A study by the University of Oxford revealed that a lot of news websites around the globe are banning AI web crawlers. Let’s dive deeper to get into the heart of the matter.
Highlights:
- 48% of the major news websites are blocking AI-based Web Crawlers, according to a study.
- The number is highest among legacy print publications, compared to new-age digital outlets.
- Web crawlers collect data from these news websites for training their LLMs, which threatens the integrity of the news data.
Study says Half of the News Websites Don’t Want AI
According to the study by the University of Oxford’s Reuters Institute for the Study of Journalism, 48% of the popular news websites across 10 countries are blocking crawlers of OpenAI, the company behind ChatGPT.
Web crawlers, sometimes known as “spiders” or “bots,” are used to automatically search the internet and systematically gather data. They are useful for many different things. They are the main building blocks behind search engines like Google which rely on the information gathered by their crawlers to index web pages and provide fast search engine responses.
AI models like ChatGPT are also highly dependent on such crawlers. These models require Large language models (LLMs) to be trained on data collected from websites on the internet. After being taught, LLMs like GPT can generate outputs and reply to inquiries from users through ChatGPT-type interfaces.
All and all, such AI Chatbots and models should have access to news websites to stay updated with the latest information. Not just ChatGPT, Google’s Bard (now Gemini) also wants to have access to news. If not, that’s not good for them.
Major Insights from the Technical Report
We obtained the following facts and figures from the Director of Research, Dr. Richard Fletchers’ technical report which shows the insights in detail!
By the end of 2023, 48% of the most widely used news websites across ten countries were blocking OpenAI’s crawlers. A smaller number, 24%, were blocking Google’s AI crawler.
Almost every website (97%) that decided to block Google’s AI crawler was also blocking OpenAI’s crawlers.
There is much more, we have to discuss, so let’s break it down.
Country-wise Proportions
The results also showed a country-wise variance in the proportion of news websites blocking OpenAI varying from just 20% in Mexico to 79% in the USA.
Demark is number two with 67%, with 60% of news outlets from Germany, India, and Norway blocking AI crawlers as well. It's interesting to see that the UK ranks behind them with 53% only.
Google wins over OpenAI
For Google, the blocking numbers are significantly lower, nearly half, only 24%, compared to OpenAI. This might be because OpenAI is more known worldwide, and also News websites don't want to upset Google. There is the caution that if they ban Google's crawler, the search ranking might be affected.
It is seen that almost everyone blocking Google is doing it with OpenAI too, but not vice-versa. However, the more Google' AI models become popular, this might not remain the same.
Which Sites Are Blocking the Most?
While news sites are not still friendly with AI, some organizations are more cautious, especially the older ones. Online websites of established print media are more likely to block AI crawlers compared to digitally native outlets.
On average, 57% of print publications are banning access to OpenAI, while it is only 31% of digital-born websites. We believe this is because older organizations are more aware of the effects that AI can have on their revenue. They also have technical teams that know how to block crawlers.
On the other side, modern media is more open to such changes and they might think that they can benefit from AI ultimately. However, if we get some major updates from AI companies that hurt their business, they might also do the same as print and broadcast media do.
Is the future of Generative AI in question?
As we mentioned, these news outlets and websites are concerned about the privacy and integrity of their data online. This is why an increasing number of news companies have concerns related to copyright and equitable remuneration, as well as the loss of direct traffic to news websites and concerns about disseminating false information.
However, consequently, this puts the working of LLMs in jeopardy. LLMs are the main building blocks of Generative AI tools such as ChatGPT, Google Gemini, Groq AI, etc. These companies use crawlers to scrape data heavily from news websites.
AI models will become stuck in the past and unable to change to reflect the advances in the actual world without new data. Model collapse may also occur if AI-generated, low-quality data is consumed in excess by the models.

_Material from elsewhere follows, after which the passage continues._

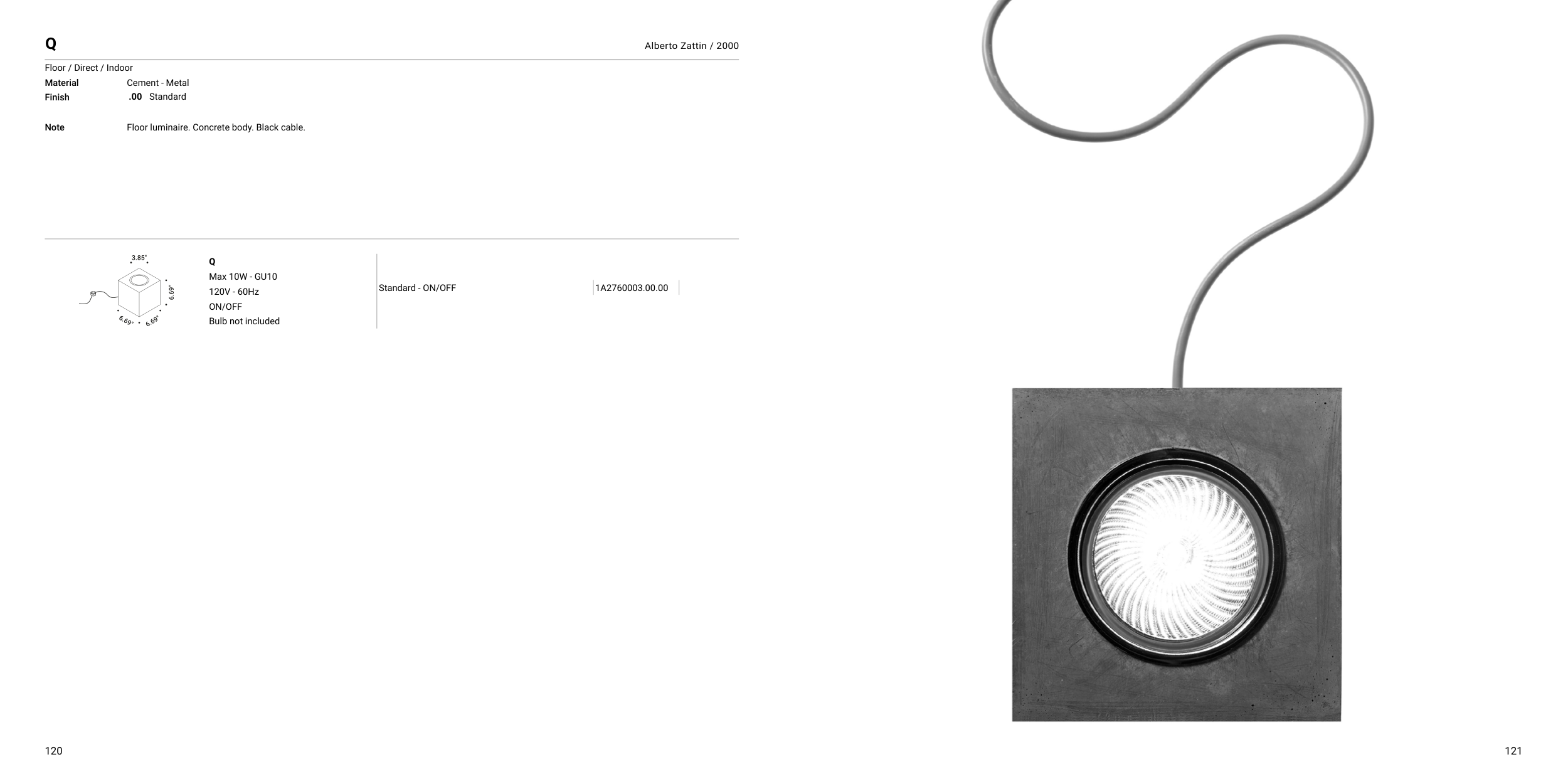 Floor luminaire. Concrete body. Black cable.

But there is some hope! Some news websites don’t seem to have any issues with Generative AI companies accessing their content as they look to explore the benefits of journalism being featured on the company’s handles. This strikes a mutual benefit as people looking to use Generative AI tools will also refer to these websites for news-related purposes.

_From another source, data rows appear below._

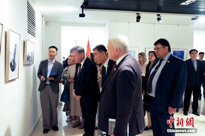 當(dāng)?shù)貢r(shí)間6月5日,紀(jì)念中國(guó)人民抗日戰(zhàn)爭(zhēng)暨世界反法西斯戰(zhàn)爭(zhēng)勝利80周年圖片展在莫斯科舉行。此次展覽共展出照片60幅,著重反映中國(guó)、蘇聯(lián)為世界反法西斯戰(zhàn)爭(zhēng)勝利作出的重要貢獻(xiàn),以及中俄兩國(guó)近年來在軍事、文化和人文等領(lǐng)域的交流與合作。圖為中俄嘉賓參觀圖片展。中新社記者 田冰 攝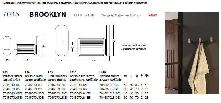 Brooklyn 衣鉤用途廣泛且可輕鬆融入各種環境和風格。其設計兼具優雅氣質與建築美感,是提升室內設計風格的理想選擇。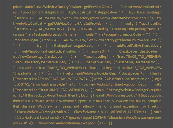 WebViewFactory类的静态成员函数getProvider首先要确定要创建的WebView Factory的类型。这个类型是通过调用另外一个静态成员函数getFactoryClass获得的:

This has led to some mutually exclusive deals between AI companies and news websites adhering to all the policies involved and the code of conduct. One of these deals involved Axel Springer shaking hands with OpenAI allowing them to respond to user queries by taking up news content from their website.
Conclusion
News websites blocking AI web crawlers is an important step in protecting the privacy of their data and profits. However, this holds serious implications for the field of Generative AI tools. The most effective solution to this matter would be for AI tools to strike deals and make their way out of the predicament or enhance their models and be independent in the matter of content generated.